2. DBSCAN Clustering: Apply the DBSCAN algorithm to cluster similar registrations.
3. Identify Duplicates: Detect duplicates based on density of the clusters.
4. Refinement: Validate clusters and remove any erroneous duplicates.

In [1]:
# write your code from here
import pandas as pd
from sklearn.feature_extraction.text import TfidfVectorizer
from sklearn.cluster import DBSCAN
from sklearn.metrics.pairwise import cosine_similarity
import numpy as np

# Step 1: Data Set - Create a sample dataset for event registrations with duplicate entries.
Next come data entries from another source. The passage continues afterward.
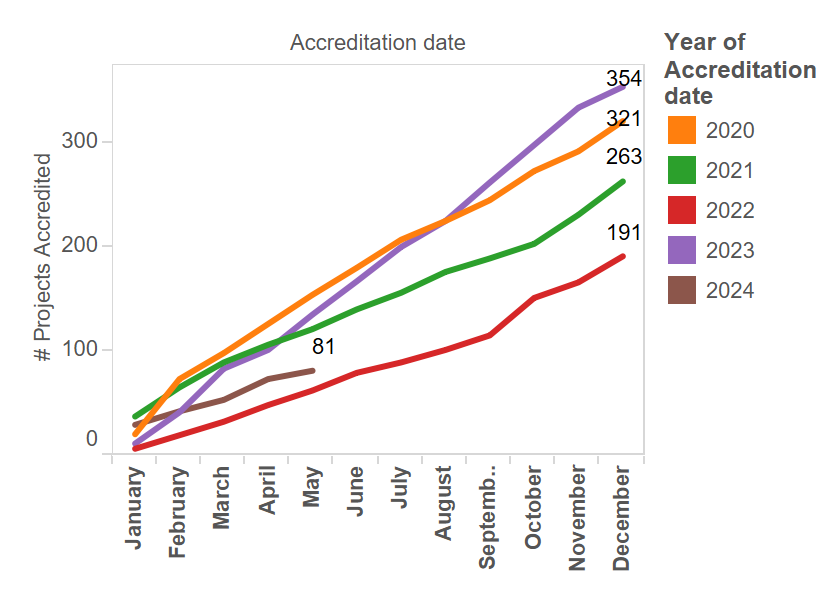 However in 2024 YTD there are far fewer projects that have been accredited by the CER when compared to last year. The reason is likely to be processing hold-ups in the CER – something that affected last year’s figures too.OVERALL THE LGC MARKET IN A HEALTHY STATE CUMULATIVE # SOLAR LGC PROJECTS BY YEAR FIRST ACCREDITED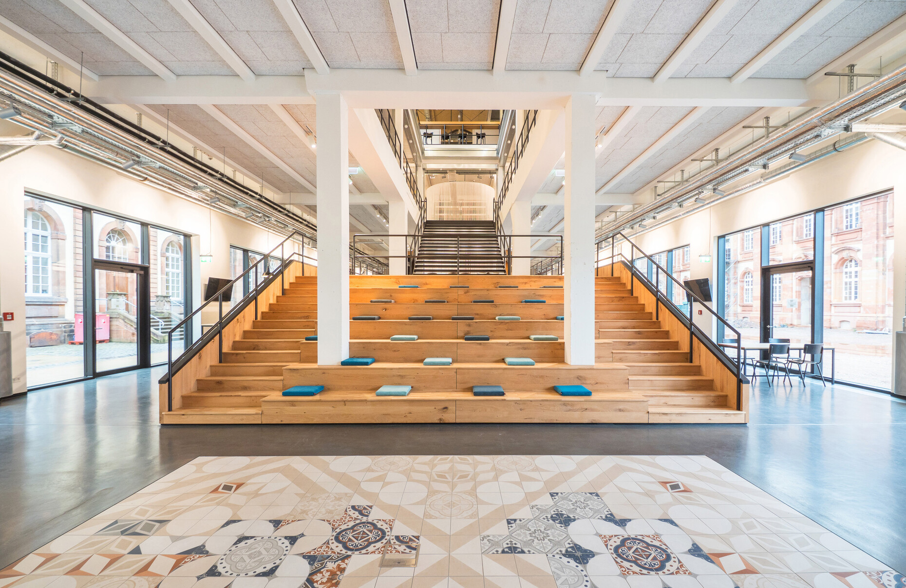What do the bathrooms of a sanitary specialist look like? Highly varied is the answer for Villeroy & Boch in Mettlach. For 260 years, the municipality on the river Saar has been the headquarters of the manufacturer of ceramic products specializing in bathroom and wellness, tableware and tiles. Many years ago, Villeroy & Boch built its factories on the site of a former Benedictine monastery. Bochem.Schmidt Architekten have now converted one of the historic brick buildings covering 4,000 square meters to accommodate a modern office concept that recently received the ZIA Office Award: Now the employees from twelve different sections have temporary workplaces but also zones for work requiring greater concentration or communication within a group. All the workplaces are ergonomically designed; for example, the desk height can be adjusted as needed.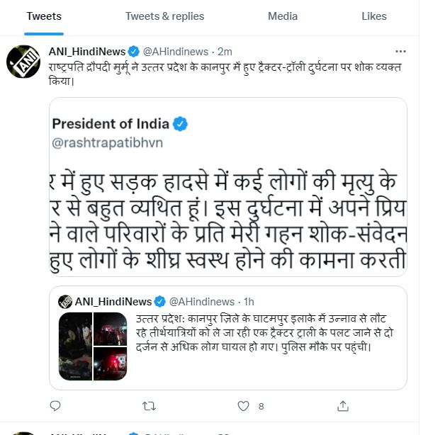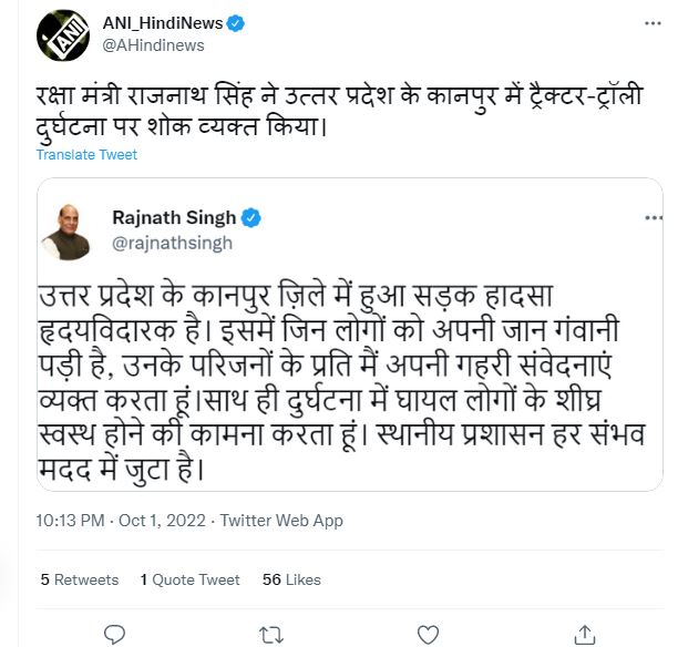 वहीं रक्षा मंत्री राजनाथ सिंह ने उत्तर प्रदेश के कानपुर में ट्रैक्टर-ट्रॉली दुर्घटना पर शोक व्यक्त किया।

# We'll simulate variations in names, emails, and event titles.
data = {
    'RegistrationID': [1, 2, 3, 4, 5, 6, 7, 8, 9, 10, 11, 12, 13],
    'RegistrantName': [
        'Alex Johnson', 'Sarah Miller', 'David Lee', 'Emily Chen', 'Michael Brown',
        'Alex Jonson', 'Sara Miller', 'Dave Lee', 'Emly Chen', 'Mike Brown',
        'Alex Johnson', # Exact duplicate of ID 1
        'Sarah Miler', # Typo in 'Miller'
        'David Lee' # Exact duplicate of ID 3
    ],
    'RegistrantEmail': [
        'alex.j@example.com', 'sarah.m@example.com', 'david.l@example.com',
        'emily.c@example.com', 'michael.b@example.com',
        'alex.johnson@example.com', 's.miller@example.com', 'd.lee@example.com',
        'e.chen@example.com', 'm.brown@example.com',
        'alex.j@example.com', # Exact duplicate of ID 1's email
        'sarah.miller@example.com', # Similar to ID 2
        'david.l@example.com' # Exact duplicate of ID 3's email
    ],
    'EventTitle': [
        'Annual Tech Summit', 'Marketing Workshop', 'Data Science Conference',
        'AI Innovations Day', 'Product Launch Event',
        'Tech Summit', 'Marketing Workshop', 'Data Science Conf.',
        'AI Innovation Day', 'Product Launch',
        'Annual Tech Summit',
        'Marketing Workshp',
        'Data Science Conference'
    ]
}
df = pd.DataFrame(data)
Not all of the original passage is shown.